Characterization of a dipeptide motif regulating IFN-gamma receptor 2 plasma membrane accumulation and IFN-gamma responsiveness.

The IFN-gammaR complex is composed of two IFN-gammaR1 and two IFN-gammaR2 polypeptide chains. Although IFN-gammaR1 is constitutively expressed on all nucleated cells, IFN-gammaR2 membrane display is selective and tightly regulated. We created a series of fluorescent-tagged IFN-gammaR2 expression constructs to follow the molecule's cell surface expression and intracellular distribution. Truncation of the receptor immediately upstream of Leu-Ile 255-256 (254X) created a receptor devoid of signaling that overaccumulated on the cell surface. In addition, this truncated receptor inhibited wild-type IFN-gammaR2 activity and therefore exerted a dominant negative effect. In-frame deletion (255Delta2) or alanine substitution (LI255-256AA) of these amino acids created mutants that overaccumulated on the plasma membrane, but had enhanced function. Single amino acid substitutions (L255A or I256A) had a more modest effect.
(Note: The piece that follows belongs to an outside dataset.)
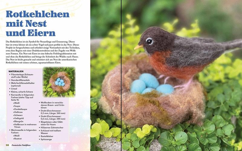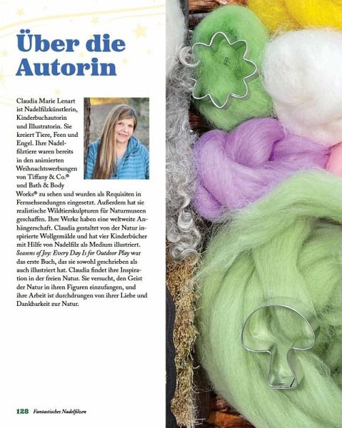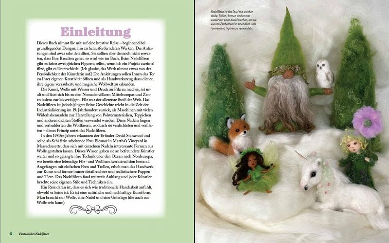 Nadelfilzen ist quasi die "kleine Schwester" vom Nassfilzen. Dabei werden die Wollfasern nicht mit Wasser und Seife geknetet, um verbunden zu werden, sondern sie werden durch das oftmalige Einstechen einer Nadel miteinander verbunden. Die Technik ist demnach noch einfacher und wird gerne als Einstieg ins Filzen - vor allem auch für Kinder - empfohlen. Außerdem lassen sich durch die Technik des Nadelfilzens wesentlich feinere Gesichter, Tiere und Pflanzen gestalten als beim Nassfilzen.Nach der kurzen Einleitung über Material, Werkzeug und Technik folgen 13 märchenhafte Projekte: So werden Einhornfohlen ebenso Elfen und Wichtel, Rotkehlchen, Kaninchen, Pilze, Blumen und Bäume gestaltet.Jedes Projekt wird mit vielen Schritt-für-Schritt-Bildern dargestellt und dabei werden weitere Techniken vorgestellt, wie z. B. das Gestalten der zarten Vogelbeine oder das Filzen der zarten Gesichtchen unserer Waldfreunde.

In-frame deletions upstream (253Delta2), but not downstream (257Delta2), of Leu-Ile 255-256 also led to overaccumulation. A truncation within the IFN-gammaR2 Jak2 binding site (270X) led to a mutant devoid of function that did not overaccumulate and did not affect wild-type IFN-gammaR2 signaling. We have created a series of novel mutants of IFN-gammaR2 that have facilitated the identification of intracellular domains that control IFN-gammaR2 accumulation and IFN-gamma responsiveness. In contrast to IFN-gammaR1, not only dominant negative, but also dominant gain-of-function, mutations were created through manipulation of IFN-gammaR2 Leu-Ile 255-256. These IFN-gammaR2 mutants will allow fine dissection of the role of IFN-gamma signaling in immunity.